What you should do: All lines from the beginning of the listing through the line with "Quando vengono Evocati" are to be copied word for word; the pictures are not.

Provided data:

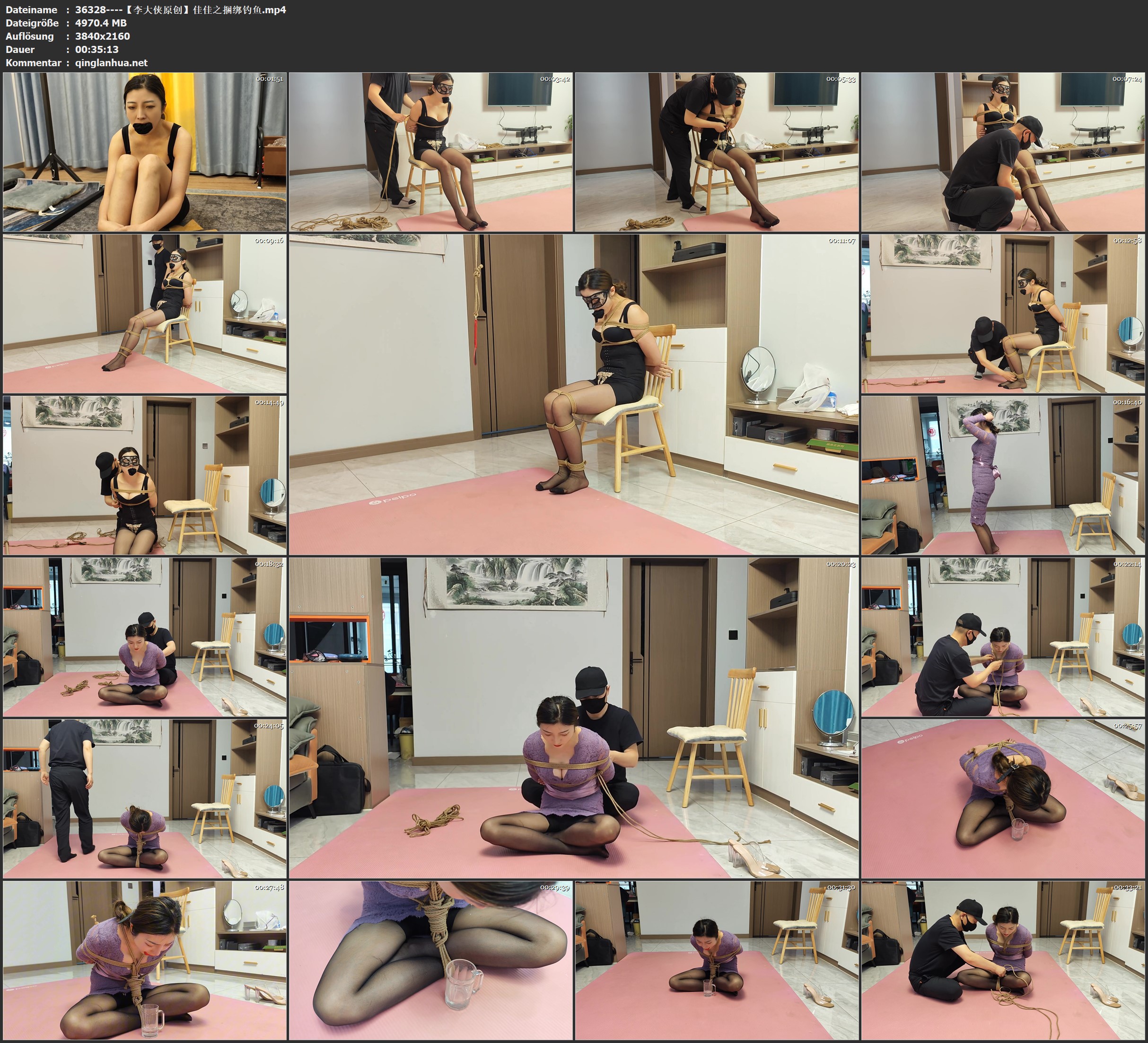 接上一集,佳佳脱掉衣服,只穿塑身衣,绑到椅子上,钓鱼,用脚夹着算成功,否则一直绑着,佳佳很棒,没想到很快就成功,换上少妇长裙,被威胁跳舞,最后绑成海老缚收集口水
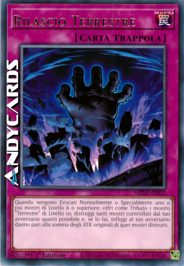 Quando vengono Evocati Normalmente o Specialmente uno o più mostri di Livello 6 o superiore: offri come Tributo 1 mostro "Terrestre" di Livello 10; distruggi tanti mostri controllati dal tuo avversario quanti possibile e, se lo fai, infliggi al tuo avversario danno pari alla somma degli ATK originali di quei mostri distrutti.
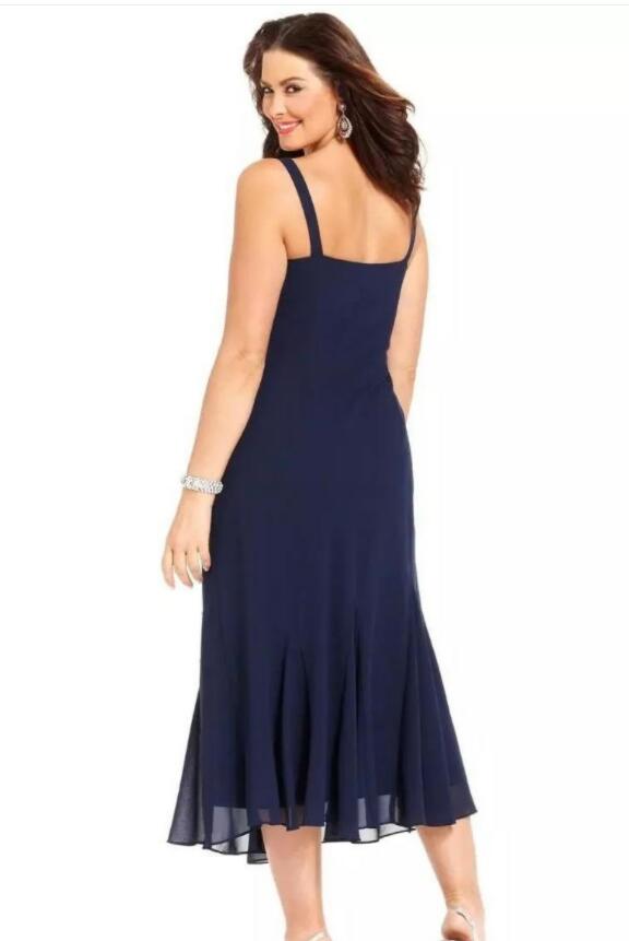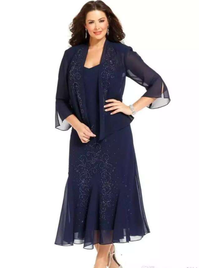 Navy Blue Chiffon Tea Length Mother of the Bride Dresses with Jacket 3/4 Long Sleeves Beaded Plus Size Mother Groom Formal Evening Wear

Task answer:
 接上一集,佳佳脱掉衣服,只穿塑身衣,绑到椅子上,钓鱼,用脚夹着算成功,否则一直绑着,佳佳很棒,没想到很快就成功,换上少妇长裙,被威胁跳舞,最后绑成海老缚收集口水
 Quando vengono Evocati Normalmente o Specialmente uno o più mostri di Livello 6 o superiore: offri come Tributo 1 mostro "Terrestre" di Livello 10; distruggi tanti mostri controllati dal tuo avversario quanti possibile e, se lo fai, infliggi al tuo avversario danno pari alla somma degli ATK originali di quei mostri distrutti.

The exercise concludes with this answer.